DVAMC, on the other hand, contends that Babatu left the work-study program because his supervisor was unhappy with his performance, not because Jackson accessed his information in DVAMC's database. DVAMC also points to evidence that Babatu had difficulty maintaining his studies before the disclosure incident. There is conflicting evidence in the summary judgment record regarding Babatu's reasons for leaving the work-study program and whether he was required to leave due to the reduction in his academic credit hours. Despite DVAMC's contention and evidence regarding Plaintiff's performance issues, Babatu has presented letters of reference and other evidence indicating that he received favorable performance reviews as a DVAMC volunteer. Genuine disputes of material fact therefore exist as to whether Babatu suffered pecuniary loss in the form of lost work-study wages as a result of the disclosure of his information.
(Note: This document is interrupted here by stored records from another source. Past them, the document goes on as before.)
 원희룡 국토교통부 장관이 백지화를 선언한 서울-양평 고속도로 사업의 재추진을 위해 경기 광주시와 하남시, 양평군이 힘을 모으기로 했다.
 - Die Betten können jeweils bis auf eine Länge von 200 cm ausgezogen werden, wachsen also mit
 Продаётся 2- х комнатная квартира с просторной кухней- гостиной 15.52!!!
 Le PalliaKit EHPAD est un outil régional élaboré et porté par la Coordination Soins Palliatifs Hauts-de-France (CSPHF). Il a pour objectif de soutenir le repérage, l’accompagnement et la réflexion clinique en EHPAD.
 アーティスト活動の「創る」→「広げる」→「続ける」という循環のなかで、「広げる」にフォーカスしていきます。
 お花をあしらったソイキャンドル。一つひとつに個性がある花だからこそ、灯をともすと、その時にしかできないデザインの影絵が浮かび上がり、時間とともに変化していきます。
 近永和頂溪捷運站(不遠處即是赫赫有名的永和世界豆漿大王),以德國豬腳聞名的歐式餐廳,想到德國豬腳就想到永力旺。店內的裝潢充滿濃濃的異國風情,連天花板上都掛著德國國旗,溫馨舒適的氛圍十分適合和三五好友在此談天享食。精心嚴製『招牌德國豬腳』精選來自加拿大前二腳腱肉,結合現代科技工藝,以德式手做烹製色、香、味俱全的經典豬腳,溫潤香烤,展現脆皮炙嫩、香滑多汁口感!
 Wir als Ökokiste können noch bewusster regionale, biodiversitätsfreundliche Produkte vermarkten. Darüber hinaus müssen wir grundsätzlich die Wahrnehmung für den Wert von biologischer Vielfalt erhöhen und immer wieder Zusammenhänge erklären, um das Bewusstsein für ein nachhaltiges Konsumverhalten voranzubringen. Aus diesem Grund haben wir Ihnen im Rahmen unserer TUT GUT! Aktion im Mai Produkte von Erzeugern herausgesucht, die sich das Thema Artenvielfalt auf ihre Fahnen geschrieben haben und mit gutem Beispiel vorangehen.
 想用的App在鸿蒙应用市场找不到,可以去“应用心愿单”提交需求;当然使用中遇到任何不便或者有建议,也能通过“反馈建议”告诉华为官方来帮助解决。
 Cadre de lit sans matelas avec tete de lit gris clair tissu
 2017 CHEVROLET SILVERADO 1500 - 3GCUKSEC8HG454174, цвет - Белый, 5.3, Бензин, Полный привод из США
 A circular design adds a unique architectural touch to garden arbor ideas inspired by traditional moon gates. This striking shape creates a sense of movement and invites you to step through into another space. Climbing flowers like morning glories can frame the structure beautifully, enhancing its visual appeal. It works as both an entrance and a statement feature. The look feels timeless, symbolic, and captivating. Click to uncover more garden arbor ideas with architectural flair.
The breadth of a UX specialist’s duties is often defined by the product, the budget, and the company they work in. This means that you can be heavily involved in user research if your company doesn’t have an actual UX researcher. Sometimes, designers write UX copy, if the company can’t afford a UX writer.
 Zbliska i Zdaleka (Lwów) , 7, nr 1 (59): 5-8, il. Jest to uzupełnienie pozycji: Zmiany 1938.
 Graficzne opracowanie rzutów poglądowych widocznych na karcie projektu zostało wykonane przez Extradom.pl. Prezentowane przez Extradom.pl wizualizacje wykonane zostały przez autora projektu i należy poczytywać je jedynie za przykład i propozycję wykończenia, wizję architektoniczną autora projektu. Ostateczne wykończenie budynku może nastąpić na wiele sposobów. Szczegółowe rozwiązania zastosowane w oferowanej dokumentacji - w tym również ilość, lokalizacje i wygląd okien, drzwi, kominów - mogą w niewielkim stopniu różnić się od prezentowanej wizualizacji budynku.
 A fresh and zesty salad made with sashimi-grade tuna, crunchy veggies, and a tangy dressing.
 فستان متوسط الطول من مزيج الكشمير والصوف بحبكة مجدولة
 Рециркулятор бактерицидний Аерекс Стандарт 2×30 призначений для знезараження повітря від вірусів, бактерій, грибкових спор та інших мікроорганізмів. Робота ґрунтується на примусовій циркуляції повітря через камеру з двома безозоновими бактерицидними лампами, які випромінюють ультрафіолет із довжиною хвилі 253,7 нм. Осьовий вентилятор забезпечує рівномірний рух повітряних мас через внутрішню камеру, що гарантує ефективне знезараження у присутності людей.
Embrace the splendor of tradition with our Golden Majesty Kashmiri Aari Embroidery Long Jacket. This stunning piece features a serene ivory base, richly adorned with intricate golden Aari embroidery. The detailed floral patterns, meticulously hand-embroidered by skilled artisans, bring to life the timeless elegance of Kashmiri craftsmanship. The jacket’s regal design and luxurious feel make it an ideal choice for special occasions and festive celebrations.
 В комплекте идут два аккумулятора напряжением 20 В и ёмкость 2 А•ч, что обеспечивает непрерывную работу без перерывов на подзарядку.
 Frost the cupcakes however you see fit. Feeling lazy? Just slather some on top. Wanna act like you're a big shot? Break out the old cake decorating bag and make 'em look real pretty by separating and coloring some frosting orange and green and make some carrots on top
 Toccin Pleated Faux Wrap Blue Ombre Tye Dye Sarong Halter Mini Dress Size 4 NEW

B. Whether the Disclosures were Intentional or Willful
1. The Parties' Contentions
Based on evidence of the following measures taken by it to ensure privacy, DVAMC contends that it did not act willfully or intentionally: (1) Jackson, as a police dispatcher, needed to access information in the PIM because her job sometimes demanded it; (2) the information she was given access to was limited to "low-level" information that did not contain any medical information other than Babatu's list of doctor appointments; (3) Jackson's access to the PIM was password-protected and limited to information that her supervisor decided was necessary for Jackson to perform her job; and (4) "Babatu's expert explained that the VA's record system, like most medical record systems, prioritizes patient health over 'infeasible access restriction'"; (5) "The VA's computers have physical privacy screens, and the VA sends its employees email reminders about the Privacy Act"; (6) "The agency requires its employees to complete annual Privacy Act training as a condition for maintaining access to patient information, and Jackson had completed the training numerous times before she accessed Babatu's record"; (7) "The agency has regulations pertaining to the Privacy Act, and the Fifth Circuit has found that such regulations also support a finding that an agency was not grossly negligent. See 38 C.F.R. §§ 1.460-1.527." Def.'s Mot. 10-11 (citations omitted). DVAMC also relies on evidence that it periodically and randomly conducts audits to monitor employee access of information in DVAMC's database. Finally, DVAMC asserts that "An assessment team and the Department of Health and Human Services both found that the VA complied with the Privacy Act." Def.'s Mot. 11 (citing Def.'s App. 199, 372 - Johnson's declaration and July 13, 2011 letter from the Department of Health and Human Services ("HHS") to DVAMC).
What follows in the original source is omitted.